If my child’s second language is Gaelic, I’m going to insist on a more globally-beneficial third, like Spanish, which instantly opens up the sunniest country in Europe, almost all of South America and a fair chunk of the southern states of the US.

Also, as I understand it, with Spanish you get Italian almost-free. It’s practically a two-for-one offer.

In Norway, they have a typically inclusive, egalitarian attitude to language learning. Almost everybody there studies English to an advanced level. Logically and correctly, they reckon that since there are 380 million Anglophones, and only five million Norwegians, they can’t beat’em. So they join ‘em.

My main concerns are the sort of environmental changes that cause languages to become extinct. I’d rather we concentrate on saving people and the ecosystems that they are part of, and let the languages look after themselves.

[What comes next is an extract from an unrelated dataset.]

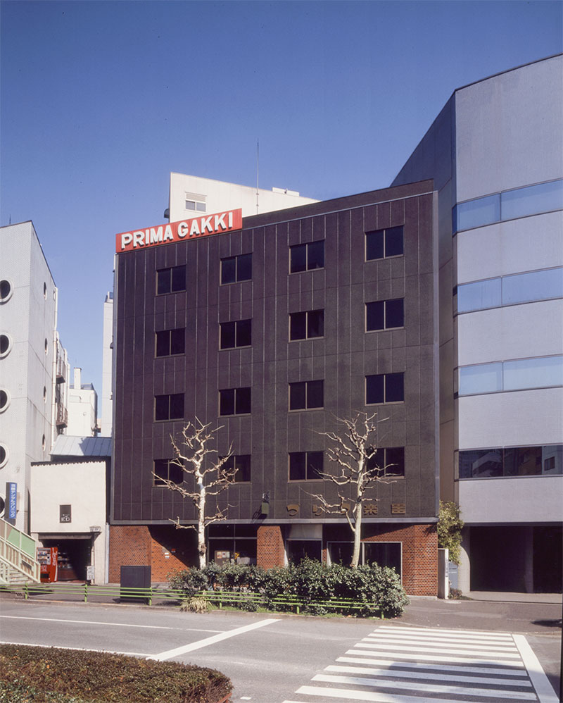 昭和41年10月7日に完成した プリマ楽器ビル鉄筋3階建新築社屋は、今日の社屋へと連続する“原形”ともいえる存在です。 1階外壁に施された赤茶系のレンガ調タイル、ファサードを飾る黒いパネル外装、そして入り口脇に掲げられた金属製の「Prima/プリマ楽器」の銘板は、いずれも当時の新築時から続く意匠であり、増築と改修を経た現在もその姿をとどめています。

Besides, we can still enjoy Latin texts, Ancient Greek myths, Viking sagas and suchlike, even if the languages they were written in have turned into others.

Nobody speaks Etruscan any more but hey, we got over it. As long as scholars can translate for us, all is not lost.

Diversity is fine, but I think I prefer unity and the things that bring us closer together. And perhaps before we’re down to just a handful of languages, someone will invent a Babel Fish as described in the Hitchhiker’s Guide to the Galaxy, or universal translator from TV series such as Star Trek. Then I’ll be free to choose a less worthy, but more fun, super power – like flying.